II
Il ne sert à rien d’apprendre à lire, puisque de toute façon la présence d’une boucherie se détecte à une lieue, à l’odorat. Si cependant vous habitez Moscou et possédez un gramme de cervelle, que vous le vouliez ou non, vous finissez par vous alphabétiser, et ceci sans avoir à fréquenter l’école. Des quarante mille cabots que compte la capitale, certainement n’en est-il pas un seul qui ne pût former le mot « saucisson », à moins d’être totalement obtus.
Pour sa part, Boule s’y était mis en se repérant aux couleurs. Il n’avait que quatre mois quand Moscou s’orna d’une multitude d’enseignes vertes et bleues avec les lettres BSPO, le sigle annonçant une boucherie. Répétons qu’en l’occurrence savoir lire est absolument inutile, puisque de toute façon ça se sent, la viande. Une fois il y eut cependant maldonne : avisant la déprimante couleur bleuâtre, et trompé par les fumées d’essence d’un moteur qui lui oblitérait provisoirement le système olfactif, Boule, au lieu d’une boucherie, débarqua chez les frères Goloubizner, articles ménagers. Dans cette boutique, qui se trouvait pourtant rue des Bouchers, il fut reçu à grands coups de fil électrique cinglant, lequel pour l’efficacité vaut largement le fouet du cocher. Ce fut un moment mémorable, que l’on peut considérer comme le point de départ de l’instruction du cabot. S’étant retrouvé assez rapidement sur le trottoir, il commença à réaliser que « bleu » ne signifie pas toujours « boucherie ». Aussi bien, tout en se retirant la queue entre les pattes en hurlant sa douleur, il prit note que dans le cas d’une boucherie, ça commence toujours par un machin biscornu colorié en or ou en roux et qui ressemble à un vélocipède cabré.
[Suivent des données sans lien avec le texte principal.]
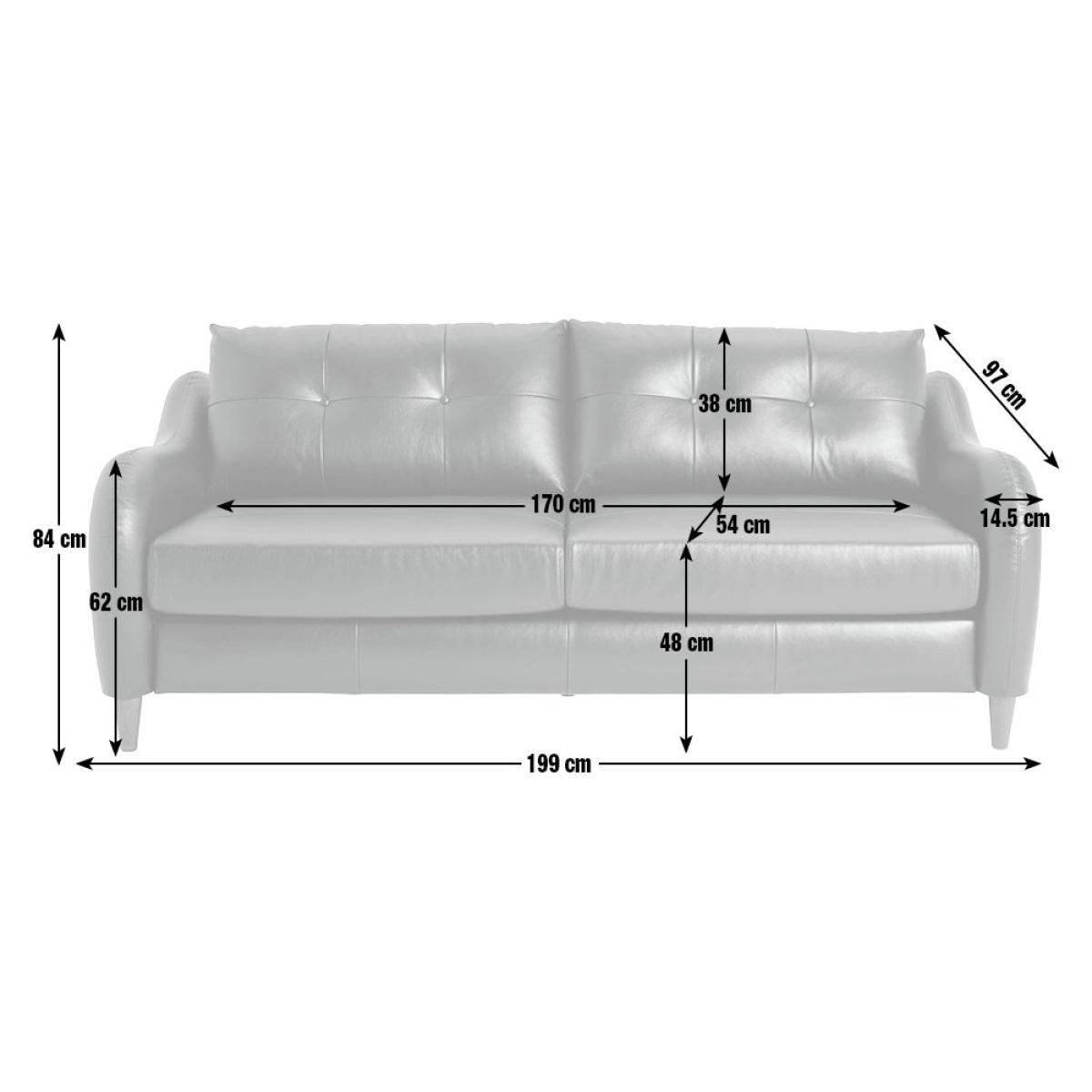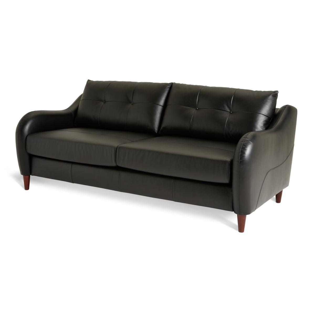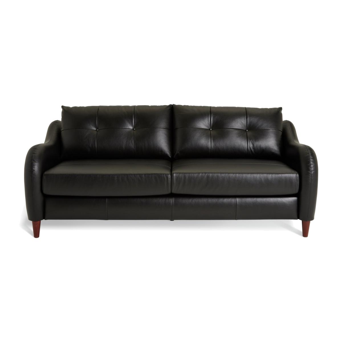 Get comfy with Winnie. Upholstered in pure top grain black leather, this 3-seater sofa with its curvaceous arms and buttoned detailing has timeless good looks. A joy to sit in too. Relax into the foam filled seats, nestle against plump, padded cushions and settle in for some luxe lounging. Part of the Winnie collection. Material: Top grain leather. Made from 100% leather. Wooden feet. Medium firm seat cushions. Removable seats with foam filling. Removable cushion(s) with fibre filling. Free fabric swatch available on this line. Dimensions: Size H84, W199, D97cm. Floor to seat height: 48cm. Depth of seat: 54cm. Height of seat back: 38cm. Width of seating area between arms: 170cm. Height of arm rest: 62cm. Weight 52kg. Professional clean only. Plump cushions regularly to maintain shape. Minimal assembly. Maximum individual user weight 110kg. Packaged dimensions: Package size H62, W201, D99cm. FSC certified meaning the materials used for this product are responsibly sourced. General information: Manufacturer's 2 year guarantee.

La suite fut beaucoup plus facile. Boule apprit le S à la poissonnerie du coin de la Mokhovaïa, puis le N et avec le temps le P, car il lui était plus commode d’accourir sur les lieux par la queue du mot « poissons » plutôt que par la tête, un milicien étant généralement posté de ce côté-là.
Les carreaux de faïence dont étaient revêtus les murs d’angle de maints magasins moscovites n’avaient qu’une signification, toujours et partout : « Fro-ma-ge ». L’espèce de robinet de samovar par quoi débutait l’une des enseignes, outre qu’il désignait l’ancien propriétaire Tchitchkine, correspondait surtout à des montagnes de hollandes rouges, à certains commis sadiques ennemis des chiens, à la sciure sur le sol et à un camembert horrible, particulièrement malodorant.
Là où on jouait de l’accordéon — ce qui ne valait guère mieux que « Céleste Aida » — et où ça embaumait la saucisse, les premières lettres alignées sur la pancarte blanche s’arrangeaient ingénieusement en un lesgrosmo... qui signifiait tout bonnement Les gros mots et les pourboires sont interdits. En ce lieu animé, des rixes éclataient périodiquement, des hommes étaient battus à coups de poing dans la figure, des chiens à coups de pied au train et de serviette sur le museau. Les premiers à de rares occasions, les seconds en permanence.
Si dans les vitrines on avait pendu des jambons défraîchis et exposé des corbeilles de mandarines — wouah-wouah... ah... limentation. Si c’étaient des bouteilles opaques remplies d’un liquide douteux... Vé-i-ène-esse ; Vins. Le magasin des ci-devant Élisséev frères.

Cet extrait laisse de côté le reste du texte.